Полная версия:
Среди овец и козлищ
– Для начала ты можешь вычеркнуть это из списка, Дороти, – пробурчал он. – В доме и без того есть чем заняться, дел полно.
Он покосился на меня.
– Вы к нам надолго? – спросил он.
– О, нет, мистер Форбс, совсем ненадолго. Сразу уйдем, как только протянем руку помощи.
Он снова взглянул на ноги и что-то проворчал. Я так и не поняла, то ли он одобрял мой ответ, то ли злился на непослушные шнурки.
– Видишь ли, она у меня очень рассеянная. – Он кивком головы в полотняном кепи указал на жену. – Возраст берет свое. Верно, Дороти? – И покрутил пальцем у виска.
Миссис Форбс нервно улыбнулась одним уголком губ.
– Ничего не может удержать в голове дольше пяти минут. – Произнес он эти слова, прикрывая рот рукой, точно хотел прошептать, но голос гремел на всю комнату. – Боюсь, крыша у нее поехала.
Он поднялся, затем наклонился и как-то очень театрально поправил носки. Тилли на всякий случай отодвинулась на самый краешек дивана.
– Иду к почтовому ящику. – Он прошествовал через комнату к холлу. – Буду где-то через тридцать минут. Так что постарайтесь уложиться в то время, пока меня нет.
И не успела я опомниться, как он исчез за дверью.
– Мистер Форбс! – Пришлось крикнуть, чтобы он меня услышал и снова возник на пороге. Он не походил на человека, который привык, чтоб на него повышали голос.
Я протянула ему конверт.
– Вы забыли письмо, – сказала я.
Миссис Форбс выждала, пока за мужем не захлопнется входная дверь, а затем начала смеяться. И мы с Тилли, глядя на нее, тоже засмеялись, и весь остальной мир, казалось, снова ворвался в эту комнату – видно, находился не так уж и далеко.

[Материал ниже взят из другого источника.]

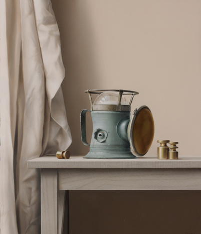 Laterne und Gewichte, 2023, Öl auf Malplatte, gerahmt, 64,4 × 55 cm
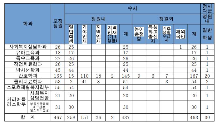 모집 학과는 사회복지상담학과, 유아교육과, 특수교육과, 작업치료학과, 방사선학과, 간호학과, 물리치료학과, 스포츠재활복지학부, 커리어플러스학부(사회복지상담전공), 커리어플러스학부(부동산금융재테크전공, 헬스케어전공)입니다.
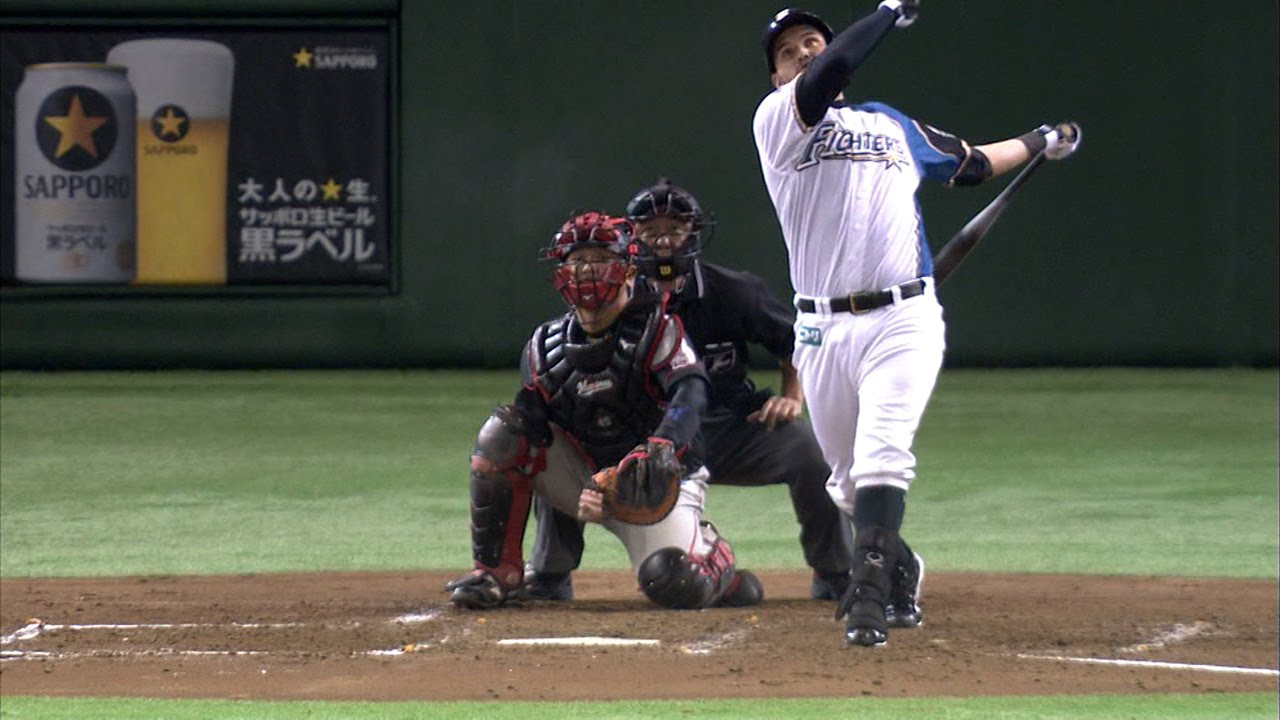 2回、レアードが高めの球をとらえ、打球はバックスクリーンへ。26号ソロホームランで日本ハムが先制した。 (9月3日 日本ハム-ロッテ)
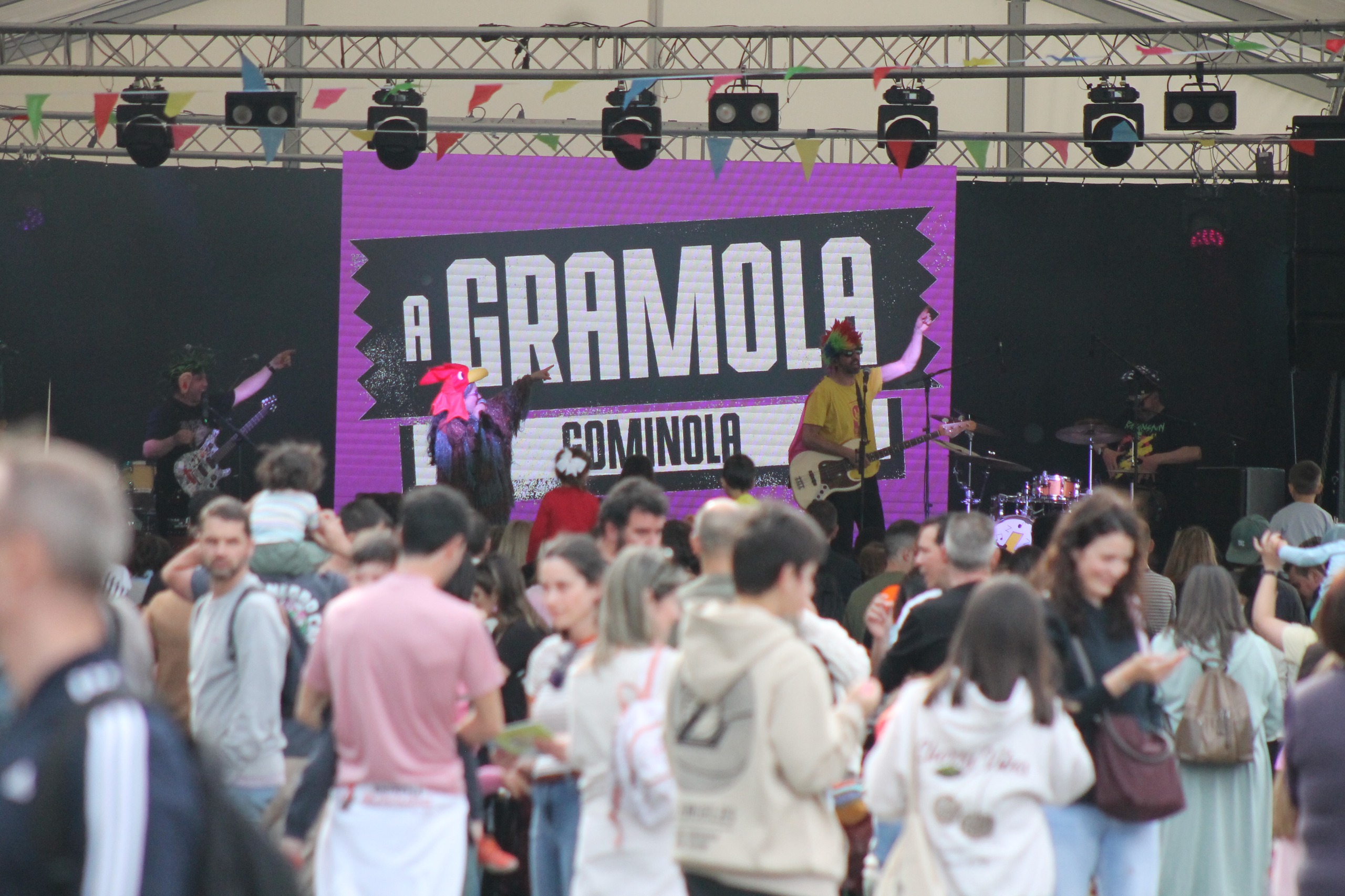 A explanada do pavillón de deportes de Bertamiráns acolleu o venres o festival de música infantil que lle puxo o ramo á cuarta edición do programa de investigación e acción Modo galego, actívao! A cita reuniu centos de rapaces e rapazas coas súas familias para cantar e bailar co grupo de música tradicional amesán As Mainas e mais con dúas das bandas máis potentes do panorama da música infantil en galego: A Gramola Gominola e Uxía Lambona e a Banda Molona.

Пока мы хохотали, я поглядывала то на миссис Форбс, то на девушку на снимке, которая весело улыбалась нам через коридор времени. Все рассмотрела и решила, что сходство между ними неоспоримое.
– Вот уж не думала, что нам придется заняться работой по дому, – сказала Тилли.

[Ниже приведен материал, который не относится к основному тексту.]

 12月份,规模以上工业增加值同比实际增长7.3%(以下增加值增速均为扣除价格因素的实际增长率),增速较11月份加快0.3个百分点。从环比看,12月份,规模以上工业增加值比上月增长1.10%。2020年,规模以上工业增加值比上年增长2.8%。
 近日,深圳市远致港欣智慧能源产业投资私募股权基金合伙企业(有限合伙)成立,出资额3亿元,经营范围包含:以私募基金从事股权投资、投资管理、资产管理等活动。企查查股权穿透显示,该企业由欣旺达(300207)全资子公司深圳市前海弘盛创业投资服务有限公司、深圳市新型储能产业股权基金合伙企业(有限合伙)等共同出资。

Миссис Форбс надела на нас фартуки – они почти до горла доходили – и вышла. Тилли стояла в дальнем конце комнаты и втирала «Брассо»[20] в фигурку маленького спящего белоснежного вест-хайленд-терьера.
– Самое главное – не вызывать подозрений, – пояснила я и отнесла последнее шоколадное печенье на диван.

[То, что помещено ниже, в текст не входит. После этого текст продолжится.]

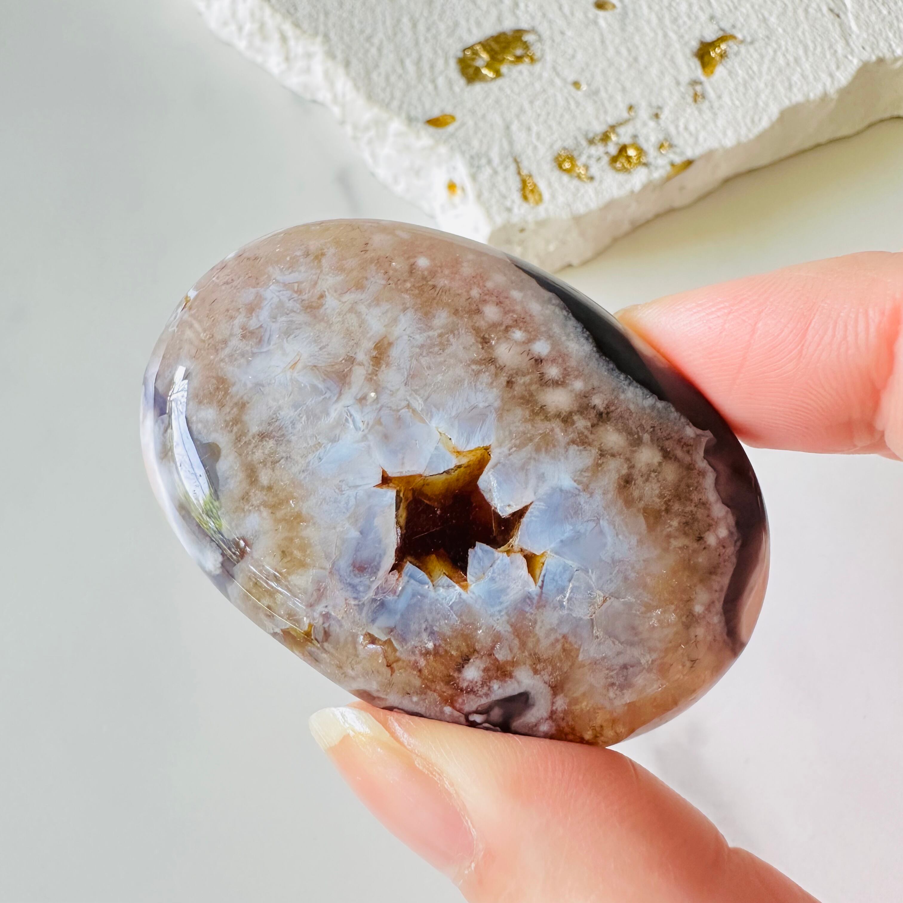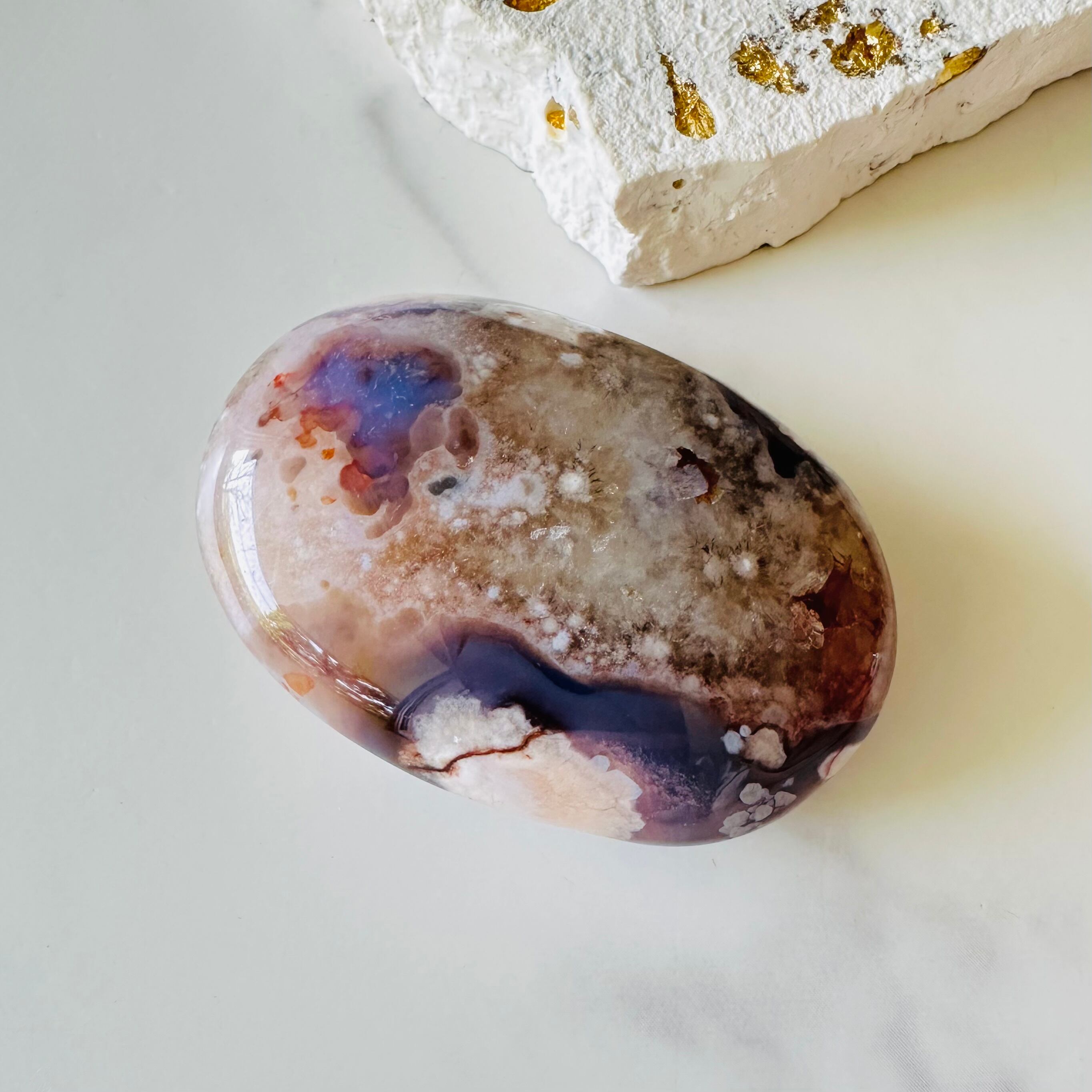 青紫色の石にピンク色のお花が部分的に咲いている、とっても可愛らしいブルーフラワーアゲートパームストーンです。ザクザクした半透明のクォーツがたっぷり入って魅了されます。

– Но как ты думаешь, Бог здесь все-таки есть? – Тилли рассматривала собачку, затем протерла ей тряпочкой ушки. – Если Бог приглядывает за всеми, то он и за миссис Форбс тоже присматривает и она в безопасности?
Я подумала о крестике на шее миссис Форбс.
– Надеюсь, да, – ответила я.
Миссис Форбс вернулась с новым пакетом шоколадных печений.
– На что надеешься, дорогая?
Я смотрела, как она высыпает печенье на тарелку.
– Вы верите в Бога, миссис Форбс? – спросила я.
– Конечно.
Она ни секунды не колебалась с ответом. Не смотрела на небо или на меня, не стала переспрашивать. Просто раскладывала печенья на тарелке.
– Но откуда такая уверенность? – спросила Тилли.
– Достаточно на вас поглядеть. Бог объединяет людей. Бог всему придает смысл.
– Даже плохим вещам? – спросила я.
– Ну, конечно. – Она секунду-другую смотрела на меня, потом отвернулась к тарелке.
Через плечо миссис Форбс я видела Тилли. Подруга лениво и медленно водила тряпкой, так и подначивая меня взглядом продолжить разговор.
– Но как Бог мог допустить, чтоб миссис Кризи пропала? Какой в этом смысл? Это я так, к примеру.
Миссис Форбс отшатнулась, на пол посыпались крошки.
– Понятия не имею. – Она принялась комкать пустой пакет в руках, но он никак не хотел складываться. – Я даже ни разу не говорила с этой женщиной.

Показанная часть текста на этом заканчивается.